__PROBLEM DETAILS__
Below are records; how many of their lines contain "Наши"? Give the number and no other words.

__SUPPLIED ENTRIES__
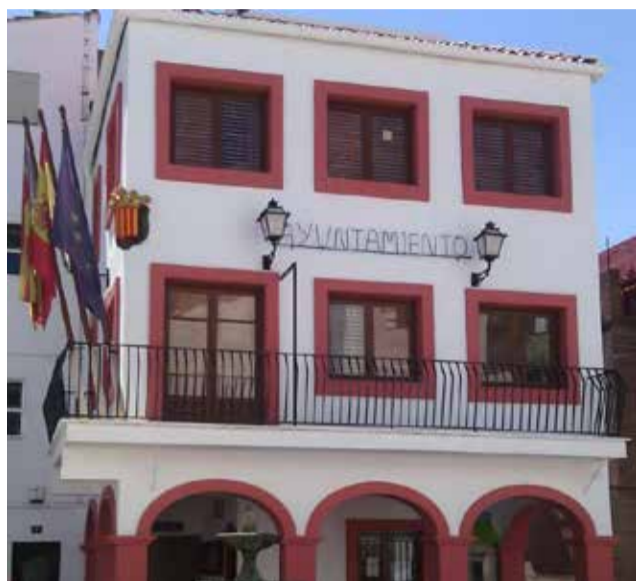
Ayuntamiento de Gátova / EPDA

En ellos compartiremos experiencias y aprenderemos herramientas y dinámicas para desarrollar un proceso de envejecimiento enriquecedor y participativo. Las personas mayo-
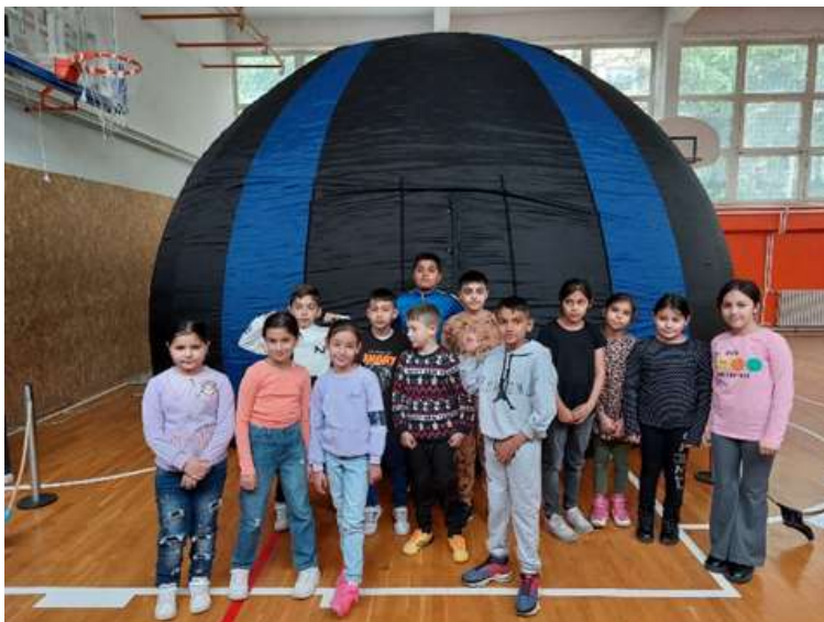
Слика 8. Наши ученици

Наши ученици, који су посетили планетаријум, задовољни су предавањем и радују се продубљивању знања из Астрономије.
...
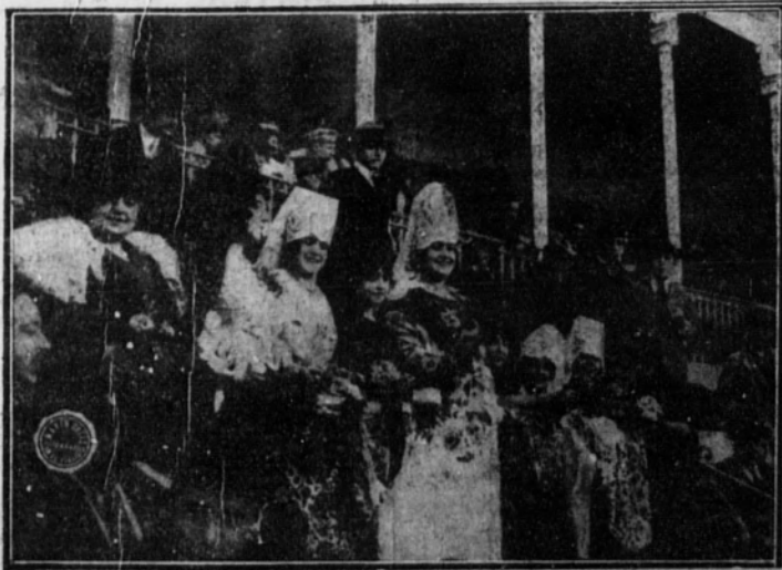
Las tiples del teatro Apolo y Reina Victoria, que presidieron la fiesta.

__EXERCISE ANSWER__
2